Kat - that photo made me wish I had a wood-burning oven so I can turn out stuff like that (and pizza too!). As for the olive salad recipe, I figured that if I winged the muffuletta bread, why not the salad? I've updated the flickr image with ingredients and notes on how I put the salad together.
Olive salad recipe
Fern - thank you! And for once I can say how pleased I am that it isn't as hot and sunny like last summer. Seriously, I've been baking everything from cakes to pizza to tarts, and not spilling a drop of sweat from it all.
Anne - I guess you could say that I've got a one-track mind...give me a task and I won't rest til it's done!
B & K - thank you, and they certainly were, whichever way we decided to eat them.
I have a real passion for baked food, especially breads and desserts, so if I were going to develop a knack for any sort of cooking, that would really be it, because I would enjoy it.
I do enjoy a little fun with a grill and charcoal though. None of that fake gas grill stuff!
thanks I'm gonna check it out :)
I'll try when the weather gets cooler, it's a bit hot to bake anything now.
I'm sure I can find the ingredients at least, thanks god for Little Italy!
Zhu - yes thank god for Little Italy! I wish we had a large chinese/asian market in Lecco. One ingredient that I lack the most is thai nam pla, and things like chinese black bean sauce. Dishes just don't taste right without a few of these key exotic ingredients.
that photo you linked to reminded me of ciabatta. will you also share your olive salad recipe :)
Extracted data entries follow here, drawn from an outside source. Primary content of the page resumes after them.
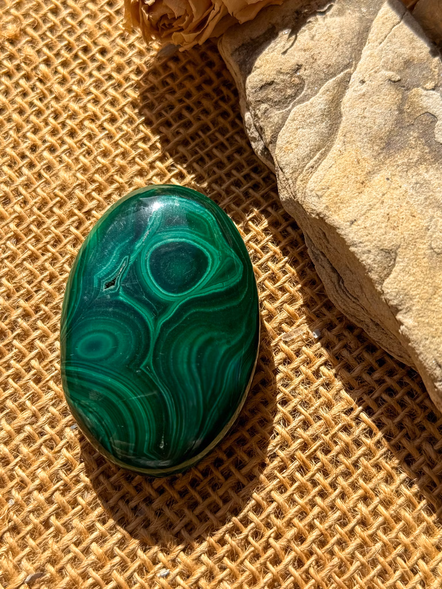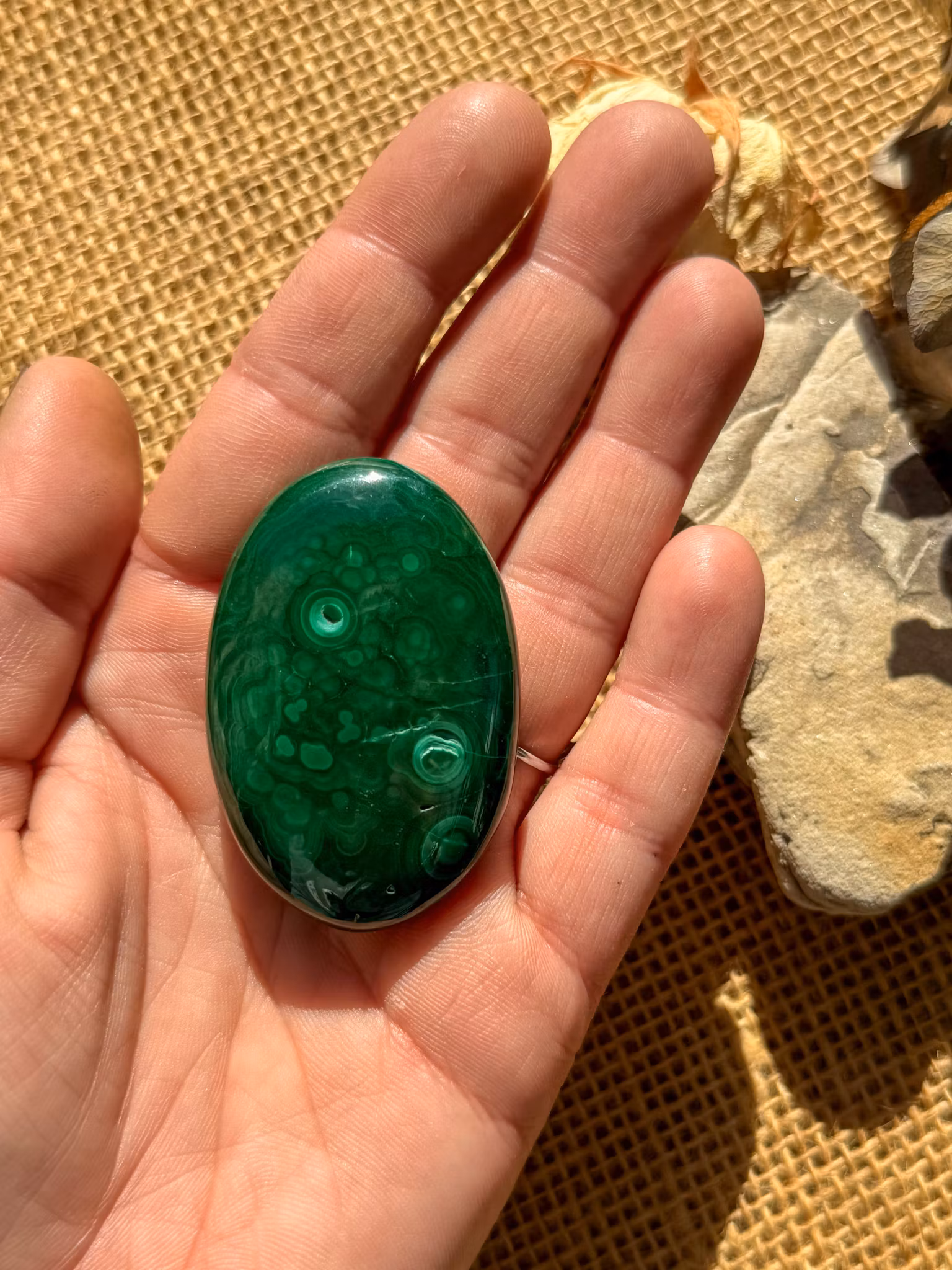 Varje virvlande mönster är naturens egen konst, en ständig dans mellan ljus och djup. Malakit är en stark transformator som skyddar, avslöjar blockeringar och hjälper dig bryta gamla mönster. Den öppnar hjärtat för kärlek och väcker mod, styrka och flöde i ditt liv. Till skillnad från Moldavit, som kan kännas explosiv och överväldigande, bär Malakit en mer jordad och balanserad energi – lika kraftfull, men på ett tryggare sätt.
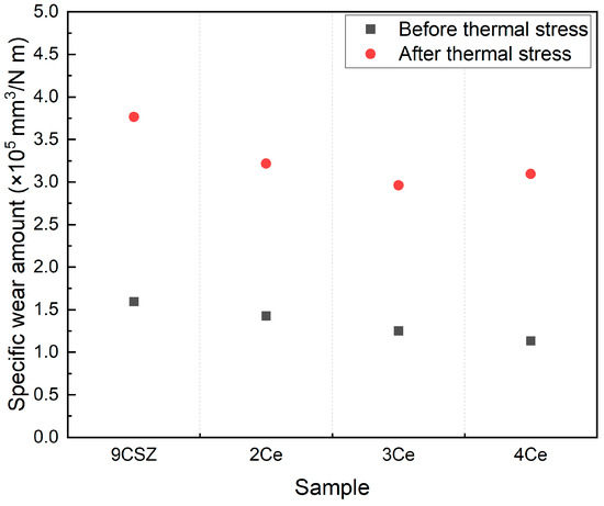 Specific wear amount of CeO2-doped CSZ before (black scattered point) and after (red scattered point) post-heat treatment.
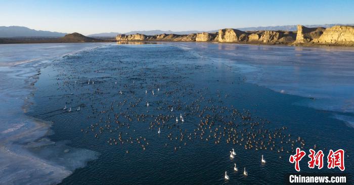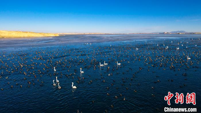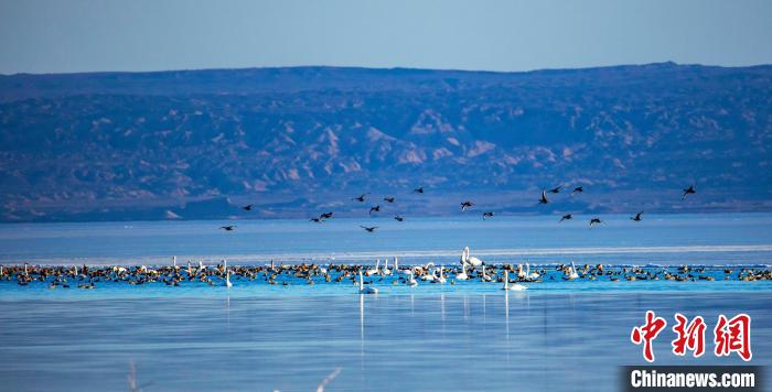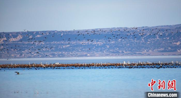 2021年2月2日是第25個“世界濕地日”,地處柴達木盆地的可魯克湖-托素湖濕地自然保護區(qū)也引來了萬鳥棲息的壯觀奇景。從可魯克至托素湖的河道到托素湖入水口處,放眼望去,萬鳥棲息,美麗的天鵝如鶴立雞群,點綴著湖面。同時近萬只赤嘴潛鴨等野生鳥類也在此棲息??靵碜鎳熬蹖毰琛笨带B呀。
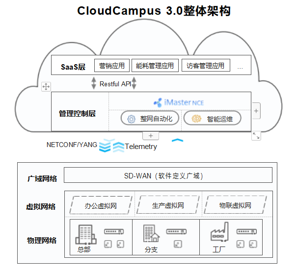華為云園區網絡解決方案3.0 (CloudCampus 3.0) , 應用IoT、Wi-Fi 6、 SDN、 SD-WAN、云管理和AI等 技術,幫助企業構建一張全無線接入,全球一張網,全云化管理和全智能運維的園區網絡。從而,企業將受益于 極速的無線業務體驗,隨時隨地的自由協作和溝通,敏捷的云應用上線,以及可靠的應用體驗保障,讓大企業、政府、高校、普教、 醫療、零售、交通等各行業, 在云時代抓住數字化轉型新機會。
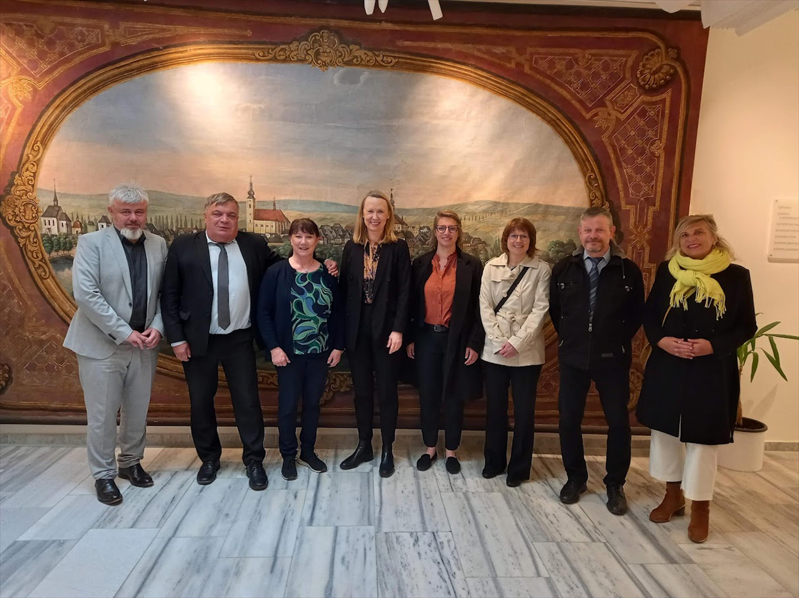 O půl jedenácté v pátek 16. května přijela do Poličky další vzácná návštěva, a to velvyslankyně Rakouska v České republice Bettina Kirnbauer. Jsme velmi rádi, že paní velvyslankyně přijala pozvání k návštěvě Poličky od starosty Jaroslava Martinů a přijela. Páteční počasí sice nepřálo, déšť a velká zima, přesto naše město zapůsobilo na všechny tři rakouské dámy velmi pozitivně. Návštěva rodné světničky B. Martinů ve věži kostela byla pro všechny nezapomenutelná. Tuto raritu má opravdu pouze město Polička. Výklad ředitelky Pavly Juklové o životě skladatele ve věži, zajímavé střípky ze života rodiny, to vše naše hosty uchvátilo. Dámy se ptaly, zajímaly, obdivovaly… Úžasný pocit pro poličské patrioty. Dalším bodem programu byla poličská radnice a její obnovené prostory. Právě toto téma je pro rakouskou spolupráci stěžejní, galerie rodu Hohenemsů. Zde návštěvu provedl historik David Junek a opět velké nadšení a úspěch. Paní velvyslankyně velmi ocenila, jak město o obrazy pečuje a to, v jakém nádherném prostředí jsou umístěny. Slavnostní oběd za přítomnosti starosty města Jaroslava Martinů a místostarosty Pavla Štefky proběhl ve velkém slavnostním sále právě mezi obrazy rodu Hohenemsů. Kde také jinde než s pohledem na obraz Zahradní hostina Hohenemsů, z roku 1578, který je se svými 54 osobami nejrozsáhlejším skupinovým portrétem mimo italské území. „Mnohokrát děkuji za srdečné přijetí v Poličce. Úzké vztahy s Hohenemsem, i díky Vaší překrásné sbírce obrazů, na nás hluboce zapůsobily. Budeme o tyto vztahy rádi i nadále pečovat,“ napsala do pamětní knihy na radnici paní velvyslankyně Bettina Kirnbauer.
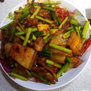 五花肉煮好之后出锅切片备用,另外准备图中调料一会炒菜用。

Term Papers - I *winged it* on the recipe and just went by eyeball, but here is the link to the flickr image where I added all the details.
http://www.flickr.com/photos/rubber_slippers_in_italy/3813175670/
I've never heard of this bread. I *think* I have enough durum flour to make a batch. If not, I'll buy some more. I have to try this! Can't wait actually! :) Thanks so much for sharing the recipe! :) Cheers! sheila
Sheila - I hope it works out for you as well as it did for me. One day I'd like to try these in a wood-burning oven (when we get one), because that flickr photo that I linked to is what really got me going on making muffuletta from scratch. Sicilian food traditions are fantastic!
hi Rowena, Oooooh...this bread made in a wood burning oven sounds wonderful!!! :)
By the way, I've made the bread twice now. The first time I made it I followed your recipe exactly, and the bread turned out wonderfully!!
My husband loved it so much that he asked me to make him another batch, but I was out of durum flour so I decided to try making it with farina flour (00 flour). It turned out really good, but we thought the first batch that I made with the durum flour was better.
Anyway, I really appreciate you posting the recipe! We sure did enjoy it! :)
Sheila - I am glad that it worked out for you. Durum flour does have better flavor which is why I also like to sub a little of it when making fresh pasta. Now you've got me thinking that I should make this again...it's been awhile since we've eaten muffuletta sandwiches!